Negative Gradient and Gradient Descent Method

Maria88
Messages
9
Reaction score
0
What is "Negative Gradient" ? and what is "Gradient Descent Method" ? What is the difference and relationship between them ?
What is the benefit each of them ?
 
Last edited:
Physics news on Phys.org
Do you know how to calculate the gradient of a function, in vector calculus, and what it means geometrically?
 
jtbell said:
Do you know how to calculate the gradient of a function, in vector calculus, and what it means geometrically?
thanks a lot

No, I am not so good in math , I know this is a stupid question, but if you can answer it, I will appreciated that
 
You can find out how to calculate the gradient in any calculus textbook that includes multivariable calculus (vector calculus), and probably on hundreds of web sites including Wikipedia (http://en.wikipedia.org/wiki/Gradient), so I won't do that here. I'll just talk about the meaning of the gradient.
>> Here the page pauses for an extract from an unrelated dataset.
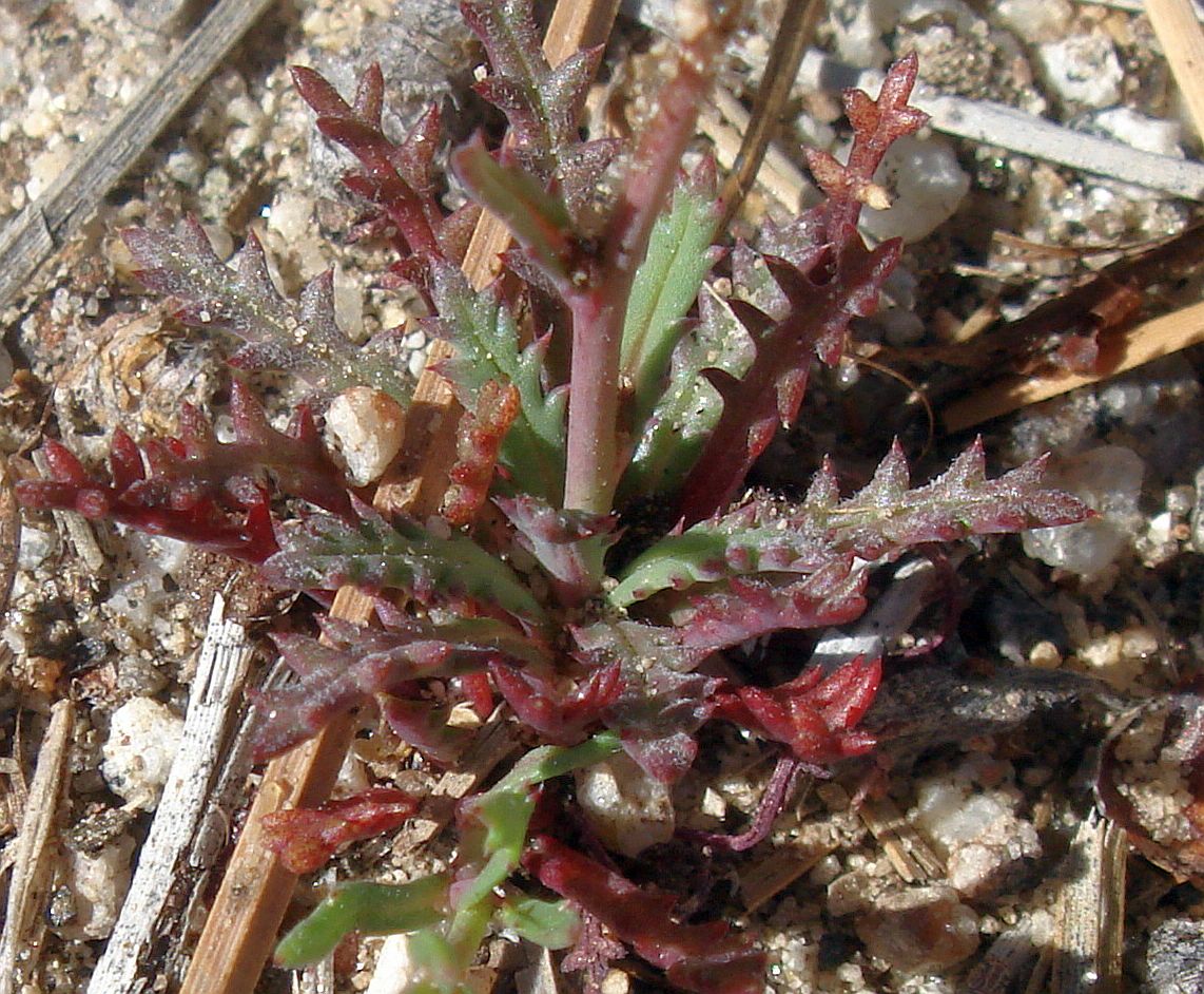 - The basal leaves are usually, but not always, clearly strap-shaped for G. diegensis, rachis width 1 to 6 mm, with entire lobes; and often not strap-shaped at all for G. brecciarum ssp. brecciarum, rachis width 1.5 to 3.0 mm, with lobes that are not entire; see pictures above.

Suppose you have a function h(x,y) that tells you the elevation (height) of the land at horizontal coordinates (x,y). The gradient of this function, ##\vec \nabla h(x,y)##, is a vector function that gives you a vector for each point (x,y). This gradient vector points in the direction of steepest uphill slope, and its magnitude is the value of that slope (like the slope of a straight-line graph).

The opposite direction, the negative gradient ##-\vec \nabla h(x,y)## tells you the direction of steepest downhill slope.
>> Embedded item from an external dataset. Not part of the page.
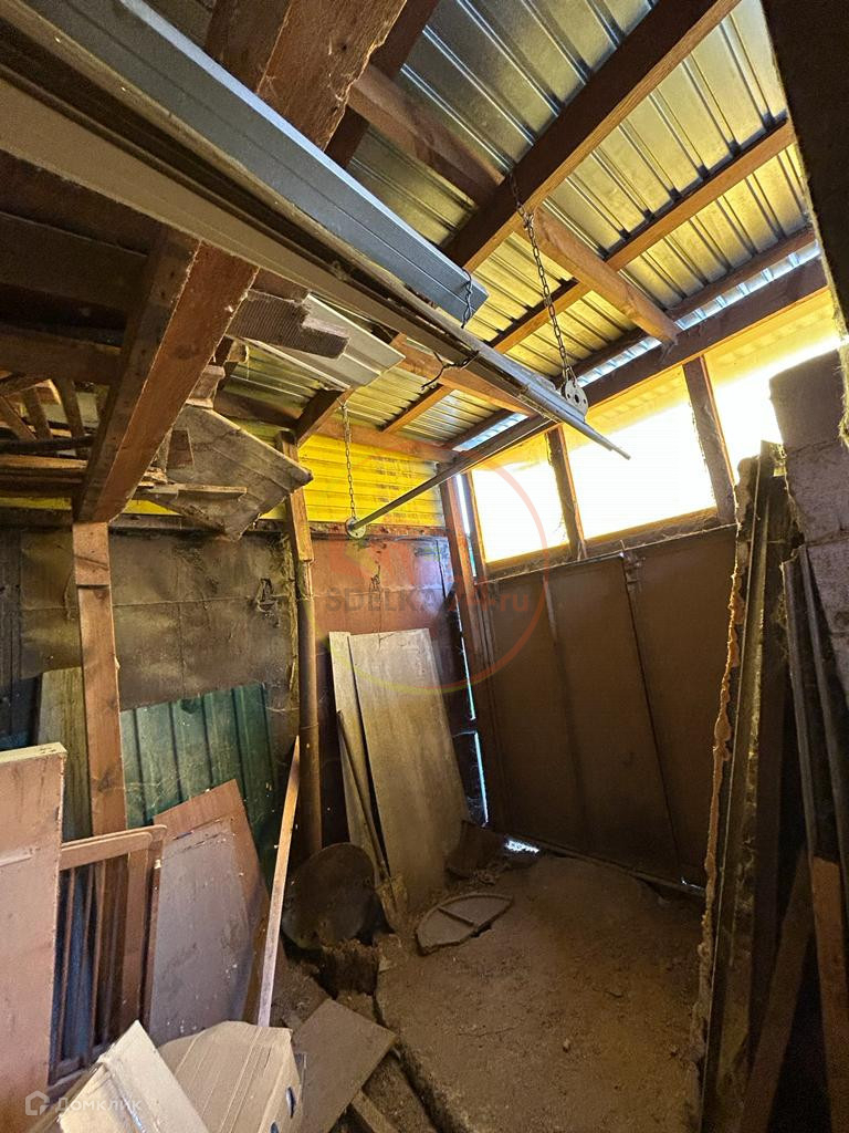 Построен из шлакоблока, фундамент бутовый камень, крыша из металлопрофиля.

If you want to find the location (x,y) at which h(x,y) is minimum (e.g. the bottom of a valley), one way is to follow the negative gradient vector downhill. Calculate ##-\vec \nabla h## at your starting point (x0, y0), take a step downhill in that direction to the point (x1, y1), calculate ##-\vec \nabla h## at that point, take a step in the new downhill direction, etc. Keep going until you find yourself at a higher elevation at the end of a step, indicating that you have gone past the bottom.